I did my best to laugh back, but I couldn’t get off the phone fast enough. Hanging up with her, I hesitated only the briefest second before dialing another number.

It picked up on the first ring. “Izzy?”

“Dex,” I said, but before I could get anything else out, he rushed in.

“Izzy, I’m so sorry about what happened this afternoon. You know I—”

“DEX!” I said again, and mercifully, he stopped
babbling. “Are you with Romy and Anderson?”

I could hear him sigh. “No. After you left, I may have quit the club. Very dramatically, I should add, complete with—”

I liked Dex. A lot. Heck, maybe I even more than liked him. But in a crisis, he was not exactly user-friendly. “Do you know where they were going tonight?”
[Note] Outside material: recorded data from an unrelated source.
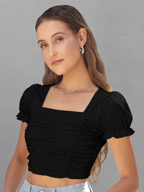 Be the first to review “LONDON BELLY Square Neck Puff Sleeves Crop Top”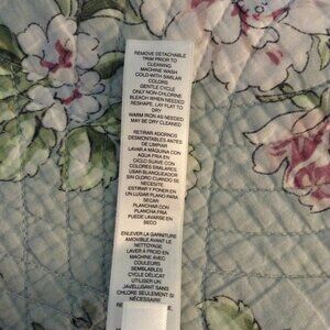 Care Label: Machine wash cold with similar colors, gentle cycle, only non-chlorine bleach when needed, reshape lay flat to dry [that means do not use a dryer, I think], warm iron as needed, may be dry cleaned.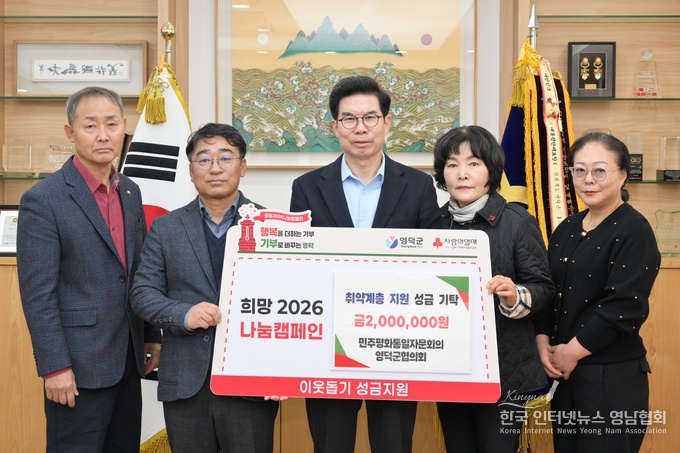 민주평화통일자문회의 영덕군협의회(협의회장 신명종, 이하‘영덕군협의회’)는 1월 6일(화) 영덕군수실을 방문해‘희망 2026 나눔캠페인’의 일환으로 취약계층 지원 성금 200만원을 기탁했다.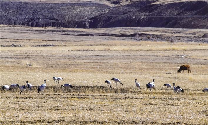遠(yuǎn)遠(yuǎn)望去,只見高頸長腿的黑頸鶴一邊覓食、一邊梳理羽毛,悠然自得。如果耐心一點在田間蹲守,不時還可以看到成群的黑頸鶴飛翔于冬日的藍(lán)天下,姿態(tài)優(yōu)美地盤旋,尋找合適的田間落下。旦增說,它們要覓食至傍晚時分,才成群結(jié)隊飛回虎頭山水庫。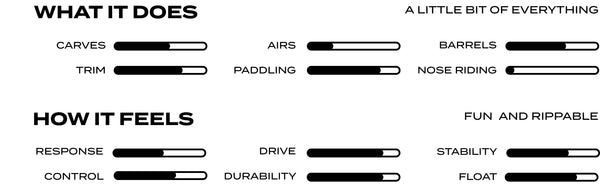 The Midway / True-Ride is a high performance mid-length designed for old style riding or modern day maneuvers, whatever one’s pleasure happens to be. The Midway has a fuller nose to maximize paddling while still having rails, edges, bottom rocker and foil to make it fast, steady, positive and maneuverable in almost any wave situation. The 2+1 setup gives many fin options so you can dial in the performance dependent on the waves.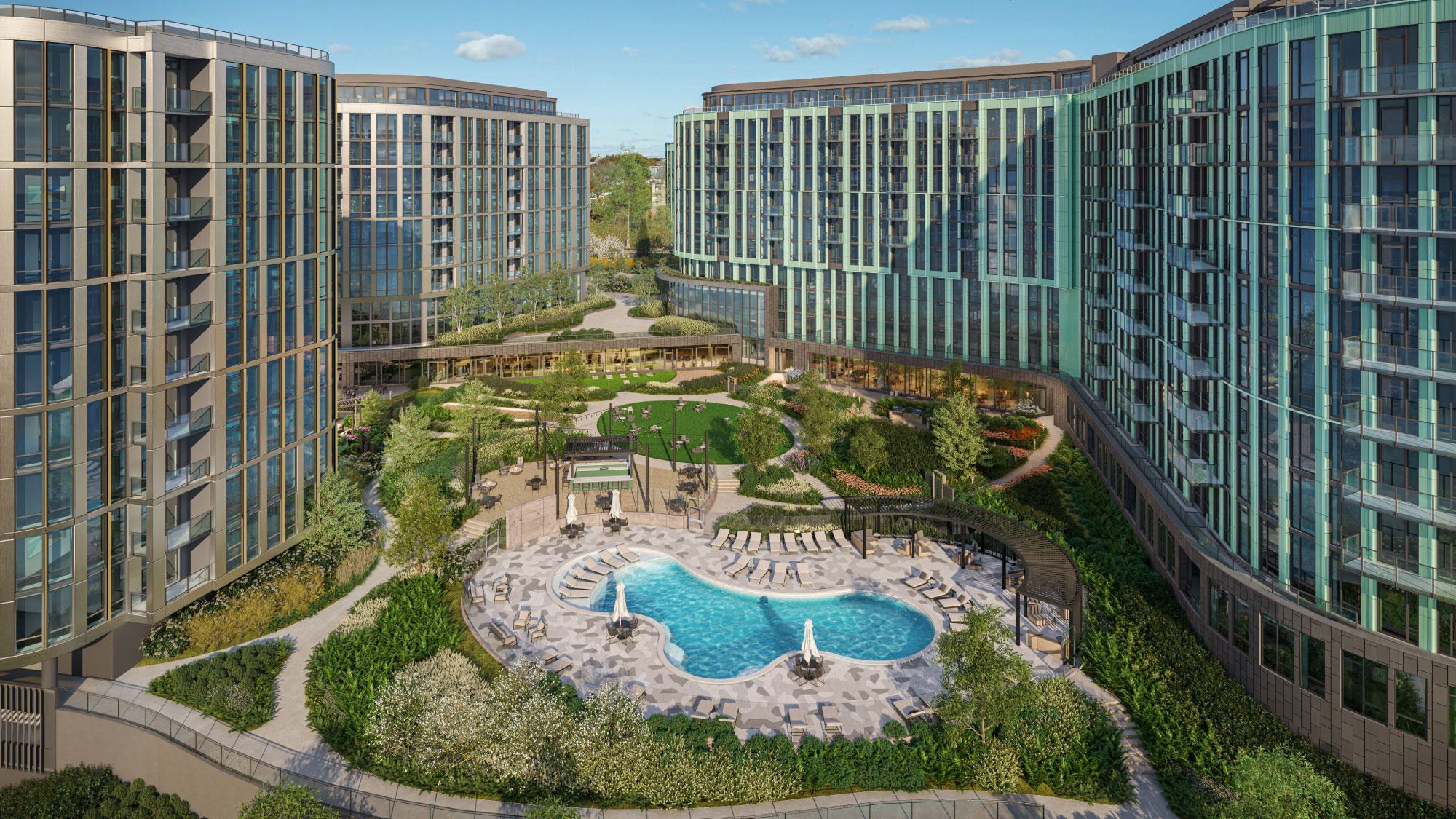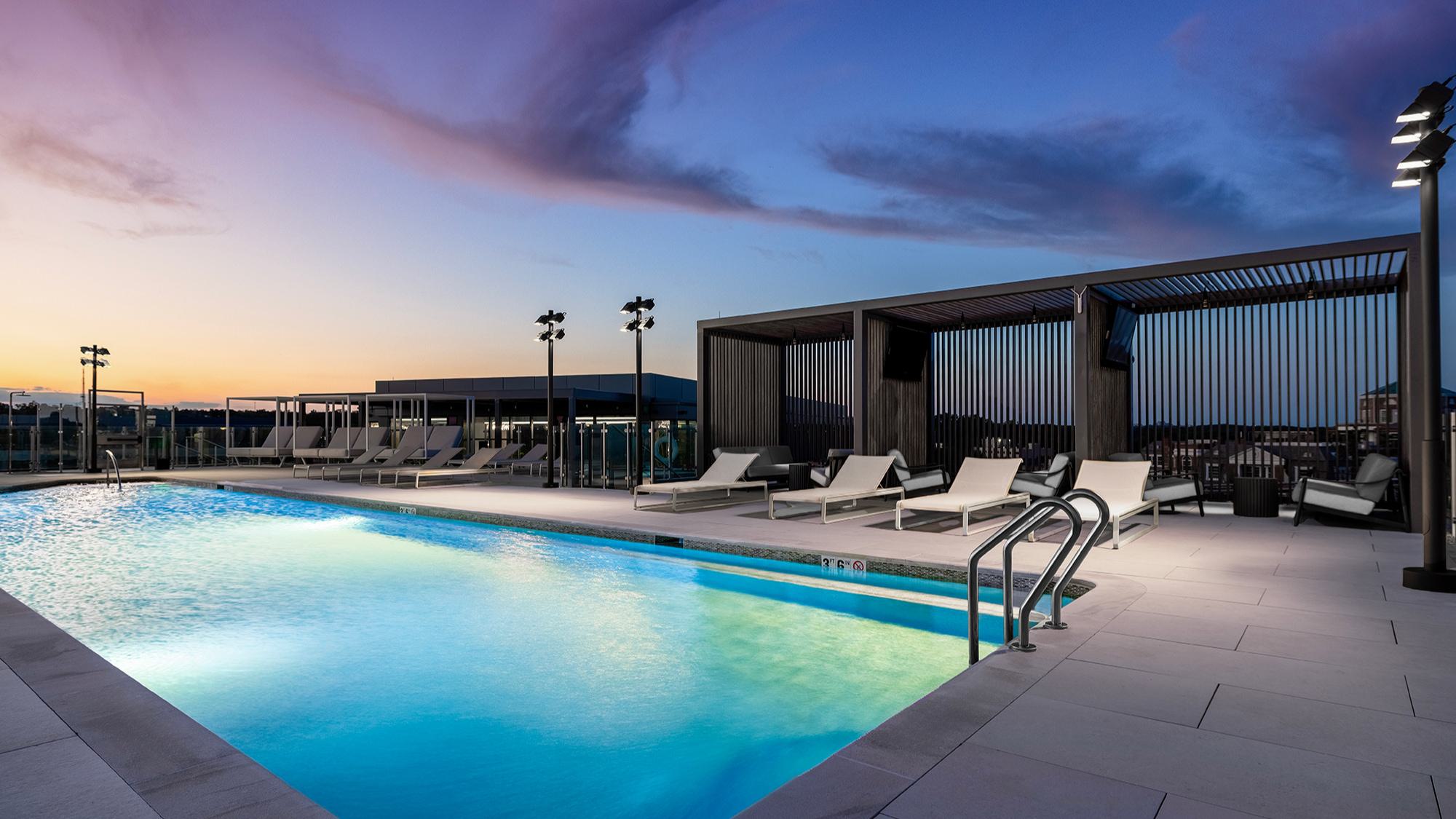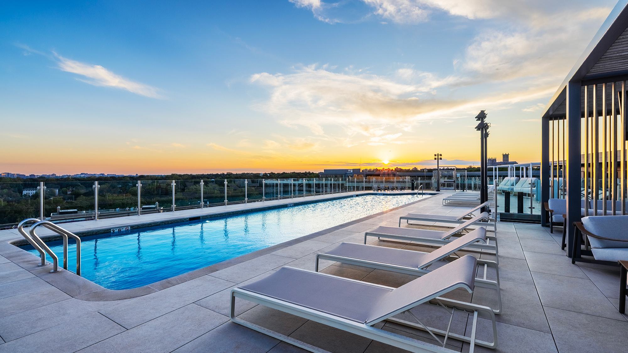 - Rooftop pool and deck with private cabanas, grill stations, fire pits, and panoramic views of Woodley Park and DC

“Yeah,” he answered immediately, and I nearly sagged with relief. “They were going to the cave. You know, the one where we—”

“Right, right,” I hurried on. “Okay, I think I’ve worked out a way we can stop Mary Evans without hurting Romy.”

“I was unaware Romy getting hurt was ever on the table.”

“It’s not,” I said, looking over my shoulder to where Maya was throwing every canister of salt we had into a duffel bag.
At least I hope it’s not
.

“Do you want me to meet you there?”

There was no time to think, but I still hesitated, just for a little bit. I did want him to come with me. Because no matter how things went tonight, once everything was over, I’d leave Ideal. This was probably my last chance to see him.

“No.” It came out like kind of a croak, and I cleared my throat. “No, there’s no need for you to come. I just need to make things right with Romy.”

“Okay,” he said, his voice lower than usual. “Izzy—”

I hung up. Whatever he was going to say next would probably just make all of this harder than it was. Besides, Maya was ready and I needed to go.

“Thanks,” I said, taking the bag and holding out my free hand. “If you’ll just give me your keys—”

But Maya blocked the front door, hands on her wide hips. “No way,” she said. “I promised your Mom I’d watch you, and letting you run off to fight a hedge witch and a homicidal ghost is probably one of those things she’d frown on. Besides, you’ll need my help with the ritual.”

Reminding myself that decking old ladies is wrong, I took a deep breath. “Maya, I appreciate that, but my friends are in danger, and I have to help them. On my own.”

But instead of being impressed with what I thought was a pretty stoic delivery, Maya laughed. “You Brannicks are always saying that.” She dropped her voice an octave or so. “‘I have to do this alone. This is my sole duty. I cannot accept help.’” Shaking her head, she said, “But you don’t do it alone. You
never
have. There’s always people like me, or that weirdo you keep in a mirror, or these kids at your school.”

Leaning forward, she took me by the shoulders. “You aren’t alone, Izzy. You or your mom or, when we find her, Finley. And whether you like it or not, you need help. And you’re getting it. So get your skinny little butt in my car, and let’s go kick some ghost ass.”